To those who are mere observers, Neeleman’s social media accounts can come across like Little House on the Prairie cosplay, prizing aesthetics over ideology. Still, Megan Agnew, a British journalist with The Sunday Times, showed up to the farm where Daniel and Hannah live with their eight children and suggested in her reporting that Hannah’s options might be limited. (Neeleman did not respond to Vanity Fair’s request for comment.) Agnew reported that Daniel had pursued Hannah despite her disinterest, and even that the space she wanted to use as a dance studio had become the children’s classroom. Daniel reportedly told Agnew that his wife sometimes takes to bed for a week at a time, out of sheer exhaustion. As in Laura Ingalls Wilder’s frontier world, a big part of reality has been filtered out.
The “tradwife” trend has become politically charged enough that Neeleman tried to distance herself from it when Agnew asked. But tradwives are a handy fantasy for the quotidian conservatives who push “family values,” the intellectualized “pronatalists” (an appropriately tech-y sounding group that includes Elon Musk and Skype cofounder Jaan Tallinn), and the outright zealots who want (almost) everyone to have babies. For a group of politicians, writers, and activists, the apparent idyll of Ballerina Farm and her ilk are sending the right message at the right time. And some of those thinkers and writers have begun to be louder in their argument that embracing those ideals—even if you arrive there by shame or coercion—is a matter of saving Western Civilization.
From a certain perspective, the birthing fanatics are absolutely killing it in 2024. Billionaires are on board, and even Musk has said he now identifies as a “cultural Christian.” Columnists, academics, and think-tankers are proselytizing in books meant for the mainstream. Project 2025, the Heritage Foundation’s second-term blueprint for Donald Trump, made “the well-being of the American family” their number one priority, adding that “married men and women are the ideal, natural family structure because all children have a right to be raised by the men and women who conceived them.” And one of breeding’s biggest advocates, the author turned senator JD Vance, is gunning for a big promotion.
It’s obvious that these efforts focus on getting certain types of babies raised by certain types of parents—they’re not trying to make life easier for, say, the youngest immigrants. Vance’s fellow travelers might argue with that characterization, but by tethering birth to marriage to traditional gender roles, they arrive at that result without having to say something overtly uncouth.

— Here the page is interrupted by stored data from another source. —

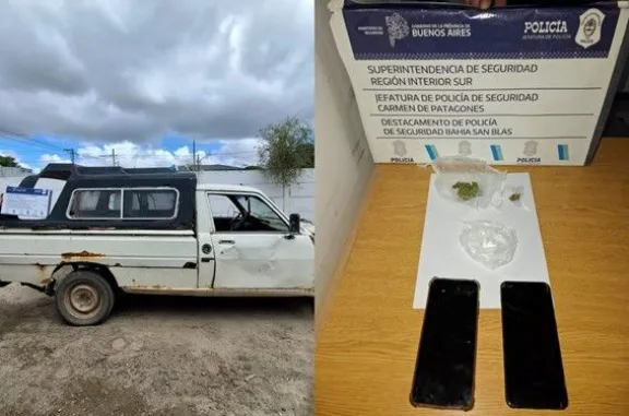 Al intentar identificarlos, uno de ellos huyó a pie, descartando un frasco que contenía clorhidrato de cocaína. Sin embargo, fue alcanzado en cuestión de metros y aprehendido. El segundo individuo también fue detenido tras encontrarse en su posesión un envoltorio con sustancia vegetal compatible con marihuana.
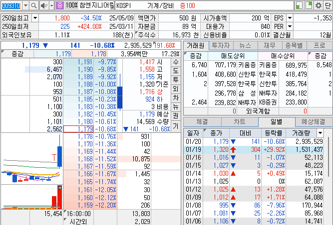 참엔지니어링 일봉 시세 차트 2026.01.20
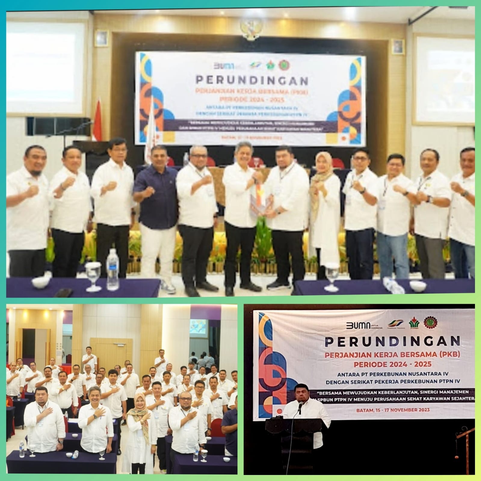 Perundingan Perjanjian Kerja Bersama (PKB) Periode 2024 – 2025,antara PT Perkebunan Nusantara IV (PTPN IV) dengan Serikat Pekerja Perkebunan (SPBUN) PT Perkebunan Nusantara IV dengan Tema “Bersama mewujudkan Keberlanjutan Sinergi Manajemen dan SPBUN PTPN IV Menuju Perusahaan Sehat Karyawan Sejahtera” telah selesai dilaksanakan pada tanggal, 15 – 17 Nopember 2023 di BATAM Kepulauan Riau.
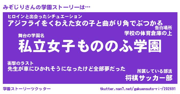 | 男性向けラノベタイトル風あだ名 | 『ミゾジリアートオンライン』 |
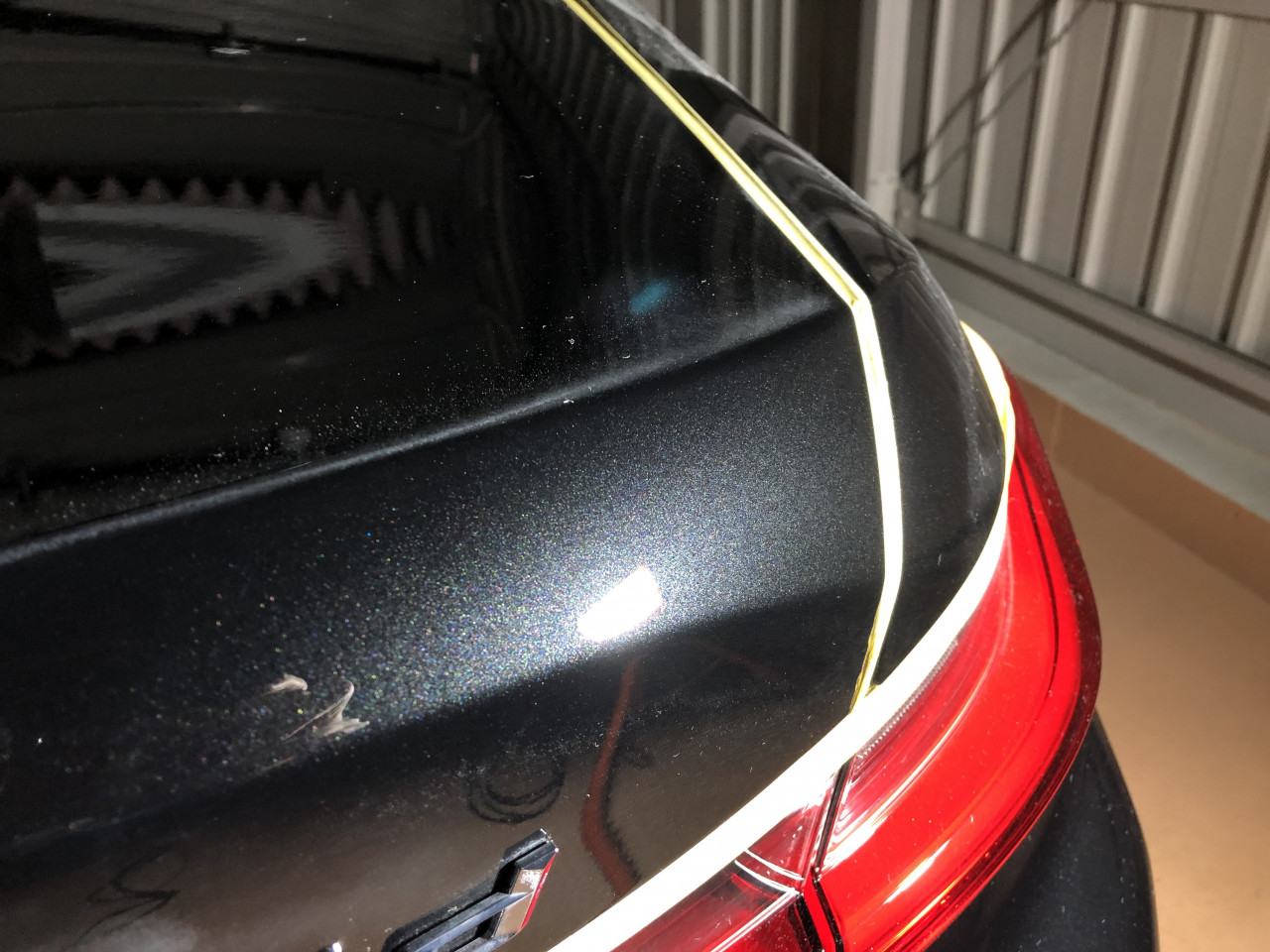 更に、トランク後端にまでバフ傷が及んでおりましたので、この部分も傷除去を致します。

Yet, the big push to birth is falling flat in the wider culture. For one, Vance, a historically unpopular VP pick, has repulsed people with his fixation on “childless cat ladies” and musings about the purpose of the “postmenopausal female.” Project 2025 is unpopular among most people who have heard of it. And there’s Neeleman. When the don’t-call-me-a-tradwife tradwife isn’t interested in becoming a part of your public push for childbearing, you have a branding problem.
The contours of today’s mommy mania have their roots in earlier strains of American politics. News that the US had the world’s highest divorce rate can be traced back as early as 1889, and in 1987, televangelist Pat Robertson told his audience that an uncertain future for Social Security was a reason to restrict abortion rights. Though Vance is not really saying anything too different from his forefathers when he claims women without children are “miserable,” his views are borne of a more contemporary strain, which like so much of today’s political divides emerged from the wreckage of the Great Recession. In 2008, birth rates began to drop and they have not recovered. Scholars are in near universal agreement about this reality, but whether it’s an aberration or a tragedy is debatable.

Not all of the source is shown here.